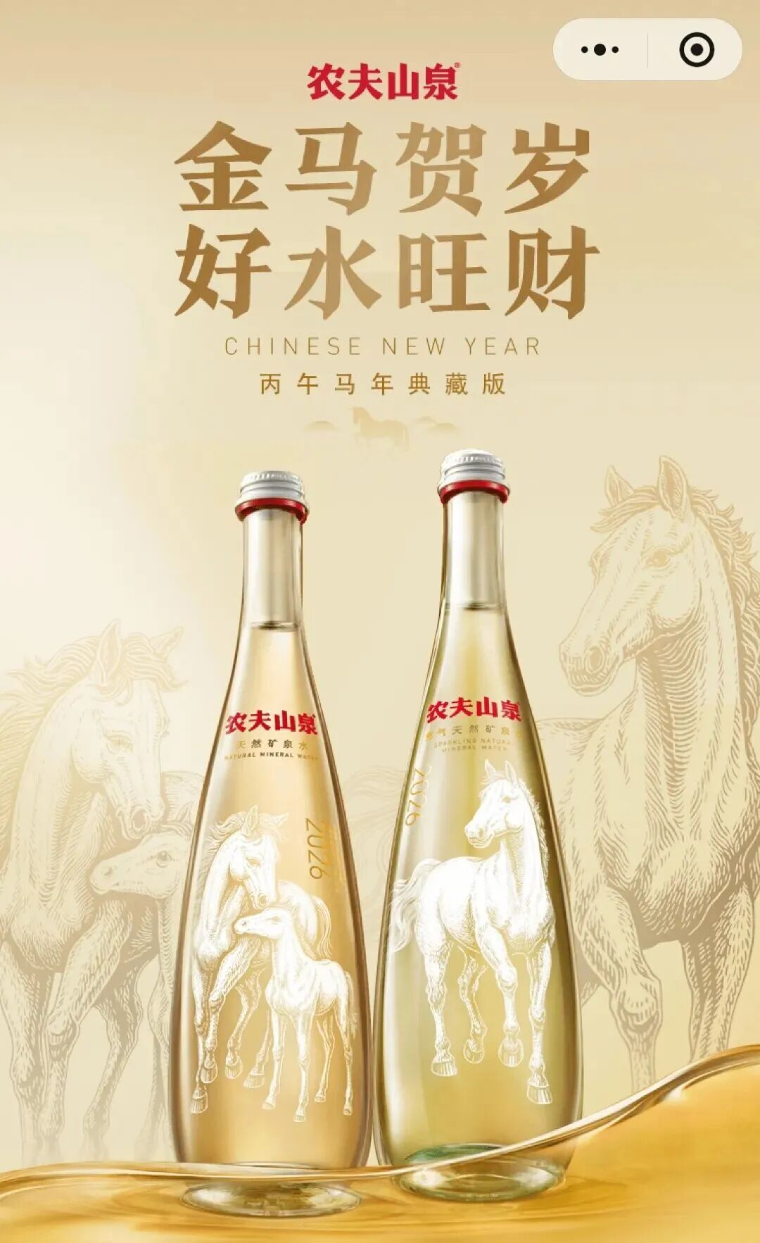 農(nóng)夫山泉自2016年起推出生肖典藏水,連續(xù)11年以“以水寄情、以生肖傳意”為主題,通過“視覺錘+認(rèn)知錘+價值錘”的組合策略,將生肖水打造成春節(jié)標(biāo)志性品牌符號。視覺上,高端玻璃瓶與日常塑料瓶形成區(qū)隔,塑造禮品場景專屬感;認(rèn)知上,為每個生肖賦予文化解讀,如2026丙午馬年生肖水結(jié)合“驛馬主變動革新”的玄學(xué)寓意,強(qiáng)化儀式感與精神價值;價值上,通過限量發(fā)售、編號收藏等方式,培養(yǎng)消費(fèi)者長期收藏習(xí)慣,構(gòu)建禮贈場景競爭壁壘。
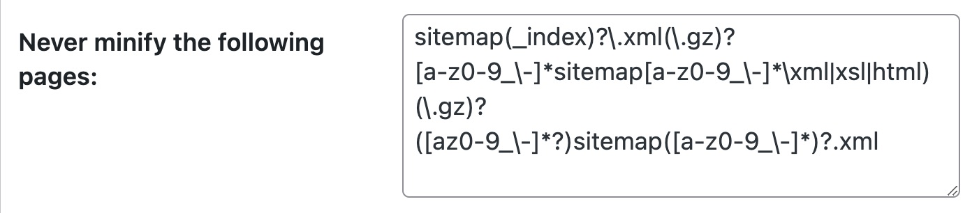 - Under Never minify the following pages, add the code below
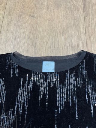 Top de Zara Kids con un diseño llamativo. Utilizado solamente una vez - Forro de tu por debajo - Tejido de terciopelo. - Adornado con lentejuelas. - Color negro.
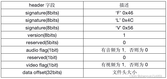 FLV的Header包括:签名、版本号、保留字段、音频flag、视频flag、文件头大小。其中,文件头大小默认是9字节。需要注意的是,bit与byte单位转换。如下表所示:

+++

■ INSTRUCTIONS FOR THE TASK ■
The lines from the one containing "- Under Never" to the final line of the material, both ends included, should be retyped exactly and alone, with no pictures.

■ RESULT OF THIS TASK ■
 - Under Never minify the following pages, add the code below
 Top de Zara Kids con un diseño llamativo. Utilizado solamente una vez - Forro de tu por debajo - Tejido de terciopelo. - Adornado con lentejuelas. - Color negro.
 FLV的Header包括:签名、版本号、保留字段、音频flag、视频flag、文件头大小。其中,文件头大小默认是9字节。需要注意的是,bit与byte单位转换。如下表所示:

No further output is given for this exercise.